PROMPT ▸ Make an exact transcript of the lines in the data below, starting with the one containing "LELÉCO - macho, 70" and going on through the one containing "稳健的老铁可以冲高止盈了,收到点赞回帖178", with both included and the pictures left out.

DATA SECTION ▸
★ ★ ★ ★ ★

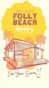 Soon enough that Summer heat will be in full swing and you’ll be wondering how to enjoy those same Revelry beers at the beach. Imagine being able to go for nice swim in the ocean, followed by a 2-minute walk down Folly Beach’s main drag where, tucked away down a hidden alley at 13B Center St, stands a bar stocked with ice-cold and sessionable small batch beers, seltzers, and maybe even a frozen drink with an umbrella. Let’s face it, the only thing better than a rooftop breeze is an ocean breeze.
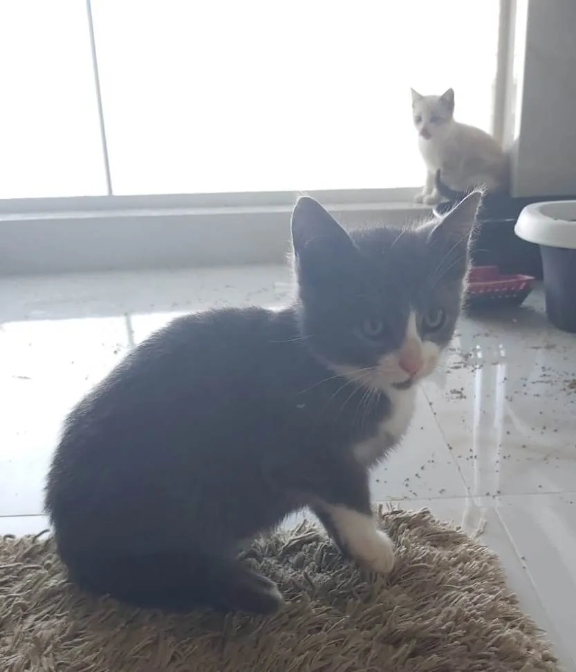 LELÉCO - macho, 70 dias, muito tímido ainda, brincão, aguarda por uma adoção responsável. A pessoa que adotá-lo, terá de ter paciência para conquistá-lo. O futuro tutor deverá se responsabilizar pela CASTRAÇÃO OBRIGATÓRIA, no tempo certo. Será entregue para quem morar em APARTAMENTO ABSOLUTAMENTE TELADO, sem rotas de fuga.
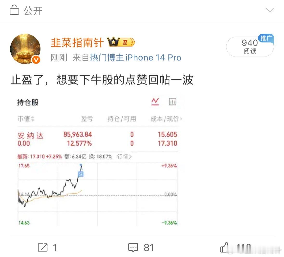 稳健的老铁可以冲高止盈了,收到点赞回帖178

★ ★ ★ ★ ★

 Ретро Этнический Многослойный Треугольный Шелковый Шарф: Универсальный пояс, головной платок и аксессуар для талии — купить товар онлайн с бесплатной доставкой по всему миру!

★ ★ ★ ★ ★

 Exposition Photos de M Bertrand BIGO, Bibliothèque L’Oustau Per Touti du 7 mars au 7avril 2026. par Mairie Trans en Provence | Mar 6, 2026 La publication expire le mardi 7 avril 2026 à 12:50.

★ ★ ★ ★ ★

OUTPUT OF THE TASK ▸
 LELÉCO - macho, 70 dias, muito tímido ainda, brincão, aguarda por uma adoção responsável. A pessoa que adotá-lo, terá de ter paciência para conquistá-lo. O futuro tutor deverá se responsabilizar pela CASTRAÇÃO OBRIGATÓRIA, no tempo certo. Será entregue para quem morar em APARTAMENTO ABSOLUTAMENTE TELADO, sem rotas de fuga.
 稳健的老铁可以冲高止盈了,收到点赞回帖178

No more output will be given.